AIM OF THE EXERCISE: All of the data should be repeated exactly; pictures are not part of the copy.

DATA EXCERPTS Block Start

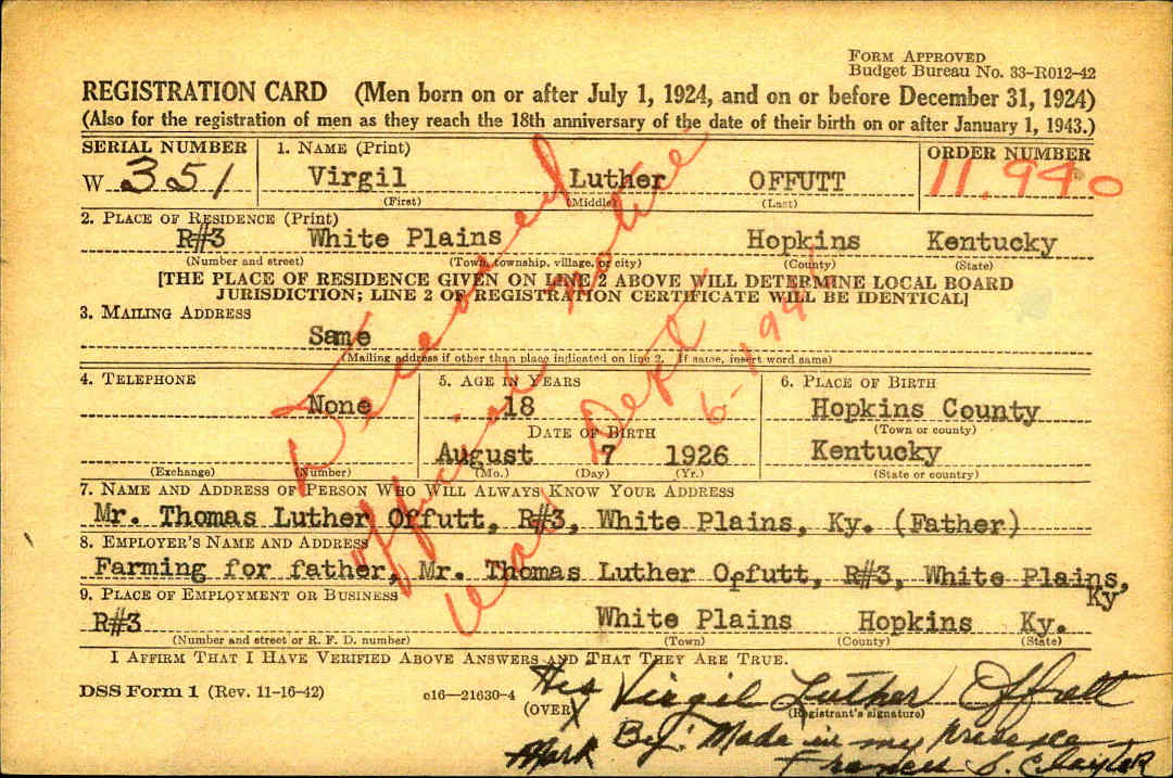 Draft Registration card for Virgil Luther Offutt
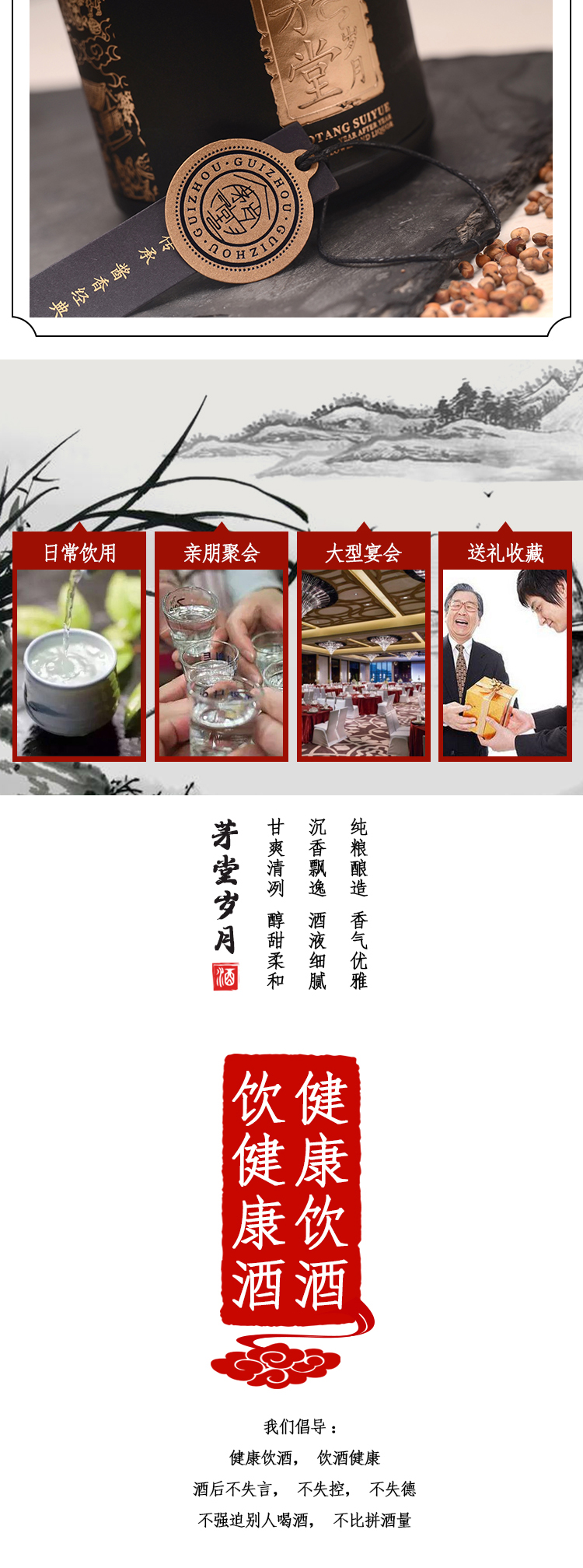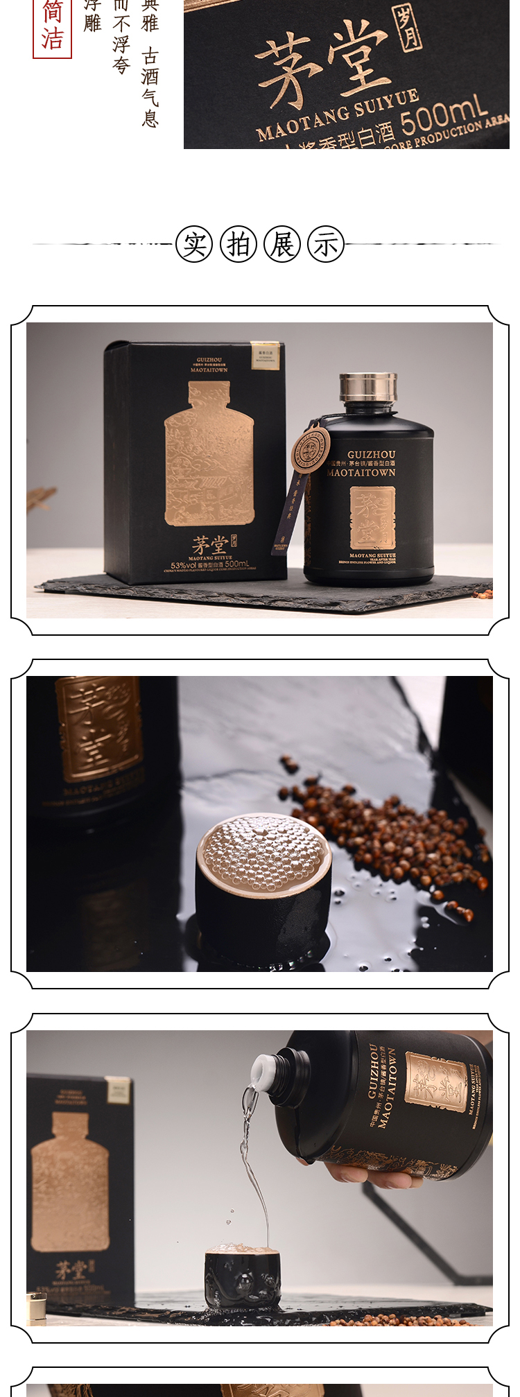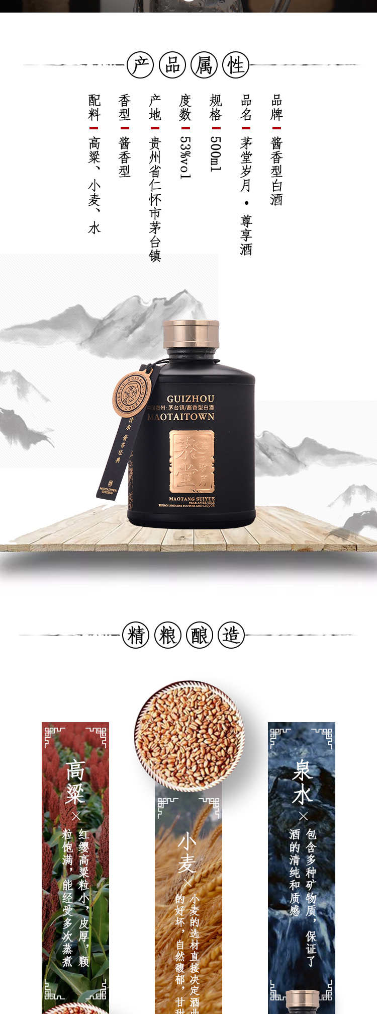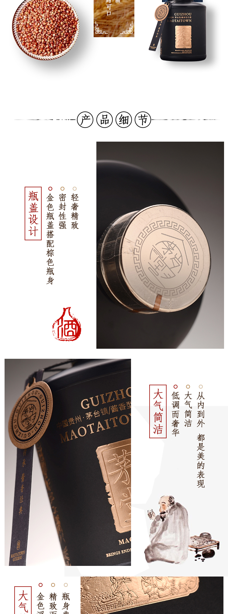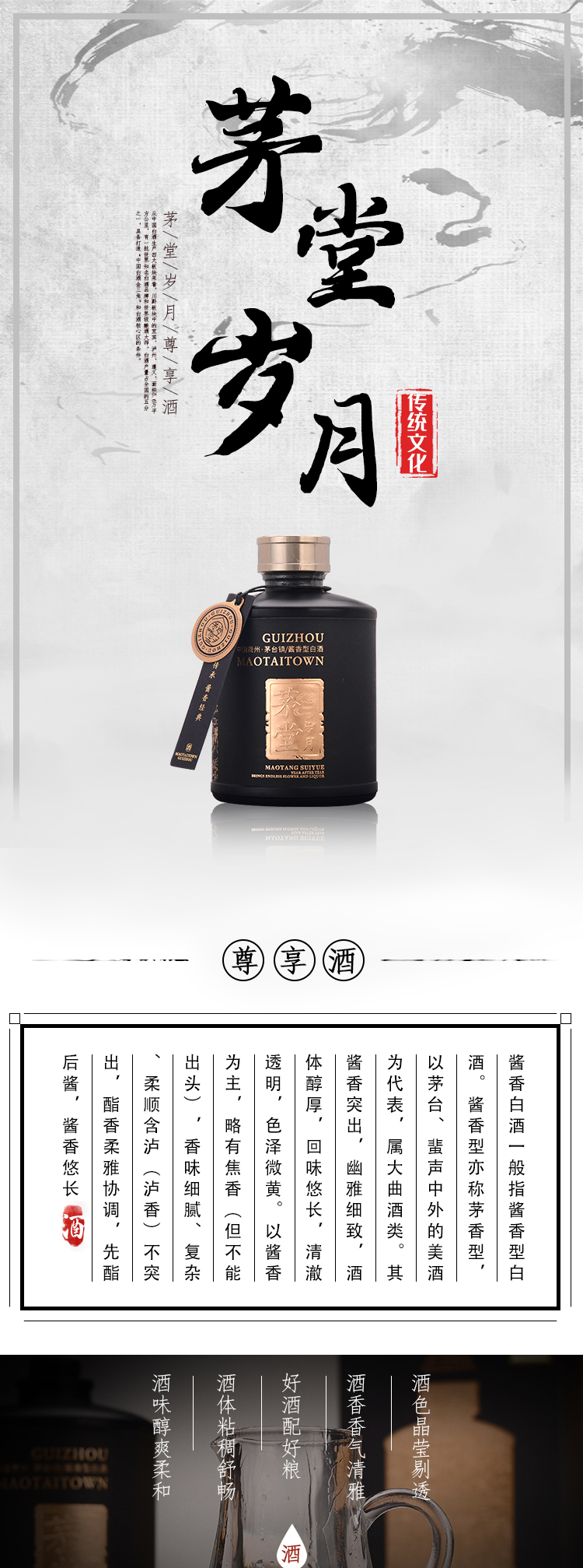 茅台镇纯粮酱香酒,采用坤沙酒酿造工艺,一年为一周期,经过两次投料,九次蒸煮,八次发酵,七次取酒,将七个轮次的酒按一定比例进行勾调,长期窖藏。入口酱香突出,幽雅细腻,绵柔醇厚,空杯留香,回味悠长。
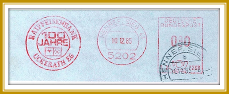 1985, 10. Dezember. Briefstück frankiert mit Freistempel der Raiffeisenbank Uckerath EG portogerecht entwertet mit 80 Pfennig. Freistempler vom Type PA 1 mit abstraktem Posthorn unten. Wahrscheinlich erstellt mit einer Francotyp “Cc/Ccm”
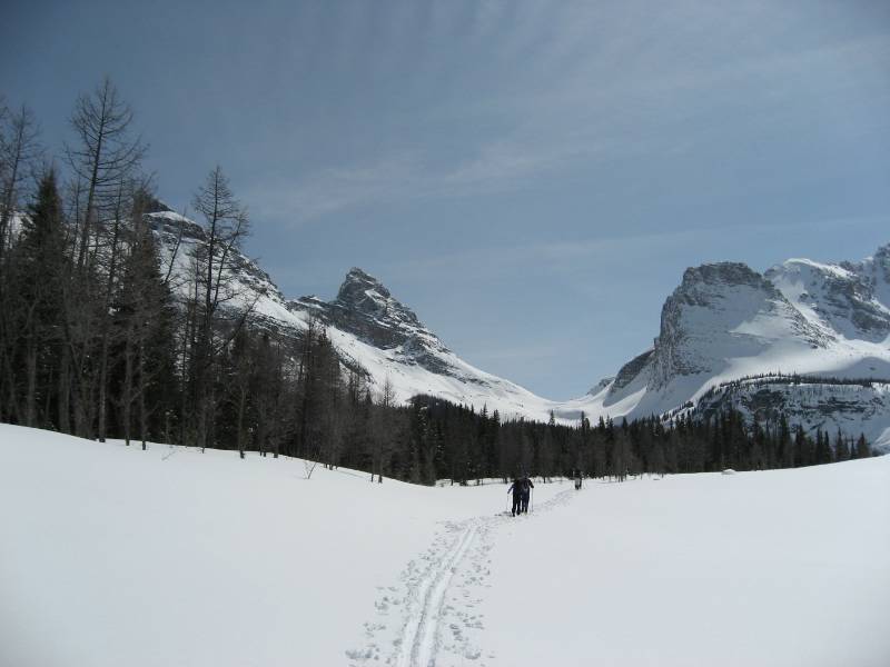 Kaare in front breaking trail through sticky wet snow in the heat. Pharoah peaks on left of photo.
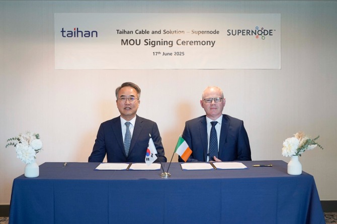 이미지 확대보기대한전선은 지난 17일(현지 시각) 영국 런던에서 아일랜드 초전도 케이블 기업 슈퍼노드와 ‘차세대 초전도 케이블 개발을 위한 업무협약(MOU)'을 체결했다고 18일 밝혔다.
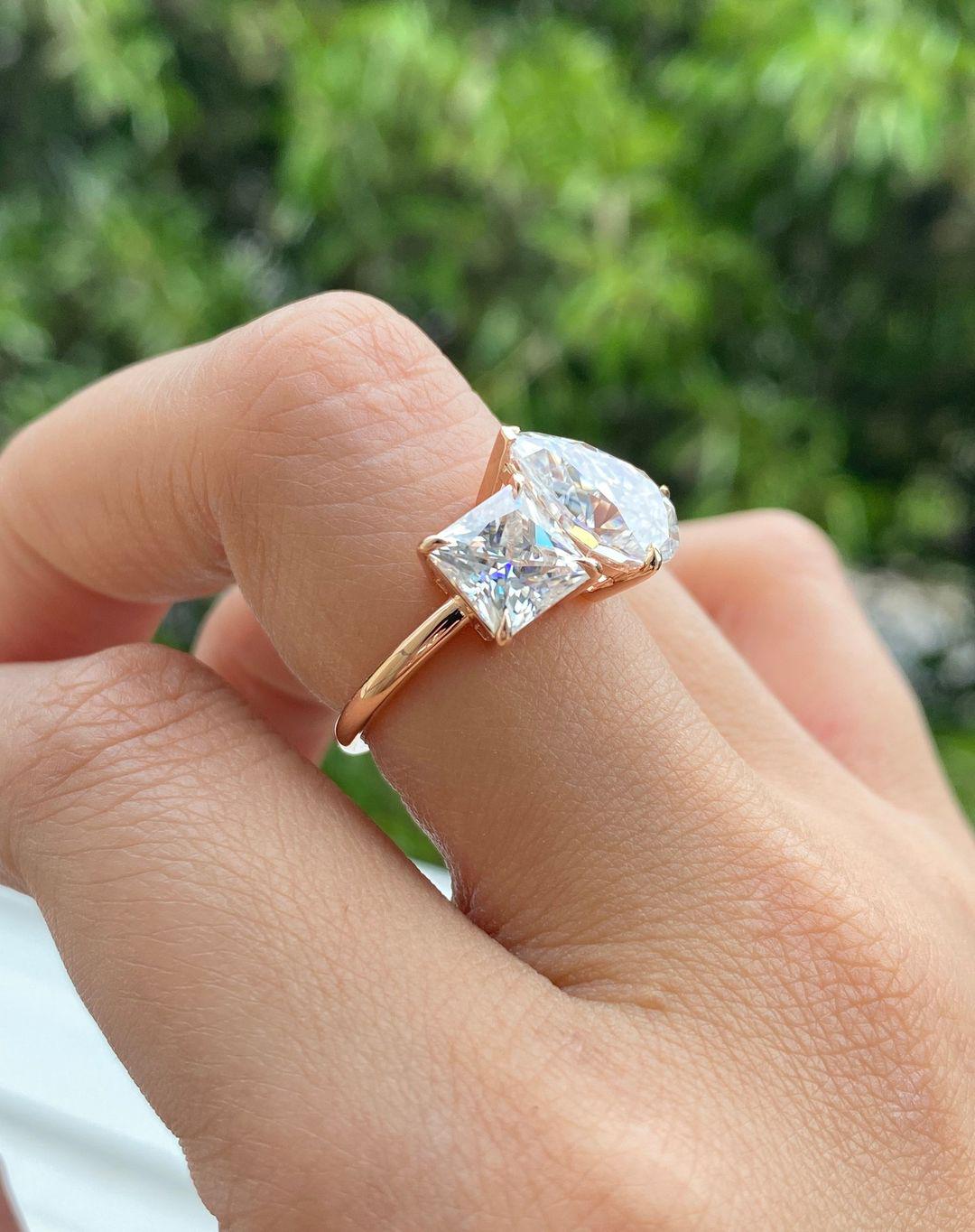 Toi ET Moi Engagement Ring, 14k Gold Two Stone Ring, Pear & Princess Lab Grown Diamond Wedding Ring, Anniversary Gift Ring, You N Me Ring / Toi Et Moi Ring / Engagement Ring / Two Stone Ring / Birthday Gift / Pear & Princess Cut Ring / Solid Gold Ring / Stunning Ring / Anniversary Gift / Lab Grown Diamond Ring / Modern Ring / Prong Ring / Valentine Gift / Fine Jewelry / Delicate Ring
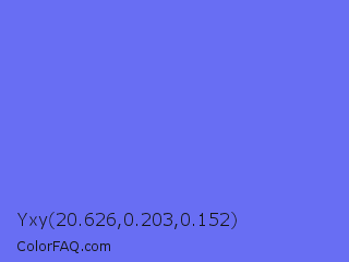 Yxy 20.626,0.203,0.152 Color is a light blue color and the nearest color is Very Light Blue #6666ff. Hex code #686ef3 and RGB value is rgb(104,110,243). In RGB color space, this color is composed of 41% red, 43% green, 95% blue, In CMYK color space, this color is composed of 57% cyan, 55% magenta, 0% yellow , 5% black , In HSL color space, this color has a hue angle of 237° , 85% saturation and 68% lightness.
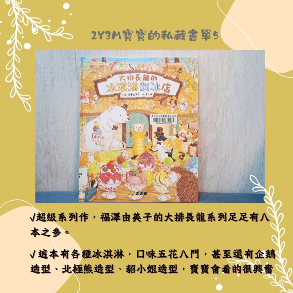 《大排長龍的冰淇淋剉冰店》中有各種冰淇淋,口味五花八門,甚至還有企鵝造型、北極熊造型、貂小姐樣貌的造型冰淇淋/剉冰,寶寶跟大人都會看的很興奮(感覺超級豐富,看完都好想吃吃看)。
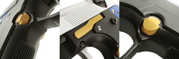 また各パネルは複数の金属ボルトで止めてあるのでしっかりとフレームに固定され、なおかつメカニカルな印象。なお右面グリップパネル上部のネジはトリガーに伸ばす指があたる部分のため、キャンセルしてある。
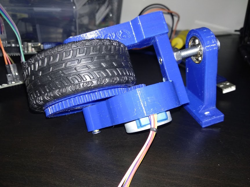 Byl v něm použit původní DC motor ze základní verze autíčka. Tato verze se neosvědčila kvůli tomu, že bylo kolo umístěné přímo na hřídeli motoru. Problém nebyl v přesnosti, protože osa byla na druhé straně uložena v kuličkovém ložisku, ale kolo se pro moje účely točilo příliš rychle a nemělo dostatek točivého momentu. Dalším problémem bylo zbytečně veliké uchycení na vozítko a na opak příliš vetchý rám s kolem a motorem. Nevhodné byly taktéž ozubená kola přenášející otáčení serva.

DATA EXCERPTS Block End

EXERCISE ANSWER:
 Draft Registration card for Virgil Luther Offutt
 茅台镇纯粮酱香酒,采用坤沙酒酿造工艺,一年为一周期,经过两次投料,九次蒸煮,八次发酵,七次取酒,将七个轮次的酒按一定比例进行勾调,长期窖藏。入口酱香突出,幽雅细腻,绵柔醇厚,空杯留香,回味悠长。
 1985, 10. Dezember. Briefstück frankiert mit Freistempel der Raiffeisenbank Uckerath EG portogerecht entwertet mit 80 Pfennig. Freistempler vom Type PA 1 mit abstraktem Posthorn unten. Wahrscheinlich erstellt mit einer Francotyp “Cc/Ccm”
 Kaare in front breaking trail through sticky wet snow in the heat. Pharoah peaks on left of photo.
 이미지 확대보기대한전선은 지난 17일(현지 시각) 영국 런던에서 아일랜드 초전도 케이블 기업 슈퍼노드와 ‘차세대 초전도 케이블 개발을 위한 업무협약(MOU)'을 체결했다고 18일 밝혔다.
 Toi ET Moi Engagement Ring, 14k Gold Two Stone Ring, Pear & Princess Lab Grown Diamond Wedding Ring, Anniversary Gift Ring, You N Me Ring / Toi Et Moi Ring / Engagement Ring / Two Stone Ring / Birthday Gift / Pear & Princess Cut Ring / Solid Gold Ring / Stunning Ring / Anniversary Gift / Lab Grown Diamond Ring / Modern Ring / Prong Ring / Valentine Gift / Fine Jewelry / Delicate Ring
 Yxy 20.626,0.203,0.152 Color is a light blue color and the nearest color is Very Light Blue #6666ff. Hex code #686ef3 and RGB value is rgb(104,110,243). In RGB color space, this color is composed of 41% red, 43% green, 95% blue, In CMYK color space, this color is composed of 57% cyan, 55% magenta, 0% yellow , 5% black , In HSL color space, this color has a hue angle of 237° , 85% saturation and 68% lightness.
 《大排長龍的冰淇淋剉冰店》中有各種冰淇淋,口味五花八門,甚至還有企鵝造型、北極熊造型、貂小姐樣貌的造型冰淇淋/剉冰,寶寶跟大人都會看的很興奮(感覺超級豐富,看完都好想吃吃看)。
 また各パネルは複数の金属ボルトで止めてあるのでしっかりとフレームに固定され、なおかつメカニカルな印象。なお右面グリップパネル上部のネジはトリガーに伸ばす指があたる部分のため、キャンセルしてある。
 Byl v něm použit původní DC motor ze základní verze autíčka. Tato verze se neosvědčila kvůli tomu, že bylo kolo umístěné přímo na hřídeli motoru. Problém nebyl v přesnosti, protože osa byla na druhé straně uložena v kuličkovém ložisku, ale kolo se pro moje účely točilo příliš rychle a nemělo dostatek točivého momentu. Dalším problémem bylo zbytečně veliké uchycení na vozítko a na opak příliš vetchý rám s kolem a motorem. Nevhodné byly taktéž ozubená kola přenášející otáčení serva.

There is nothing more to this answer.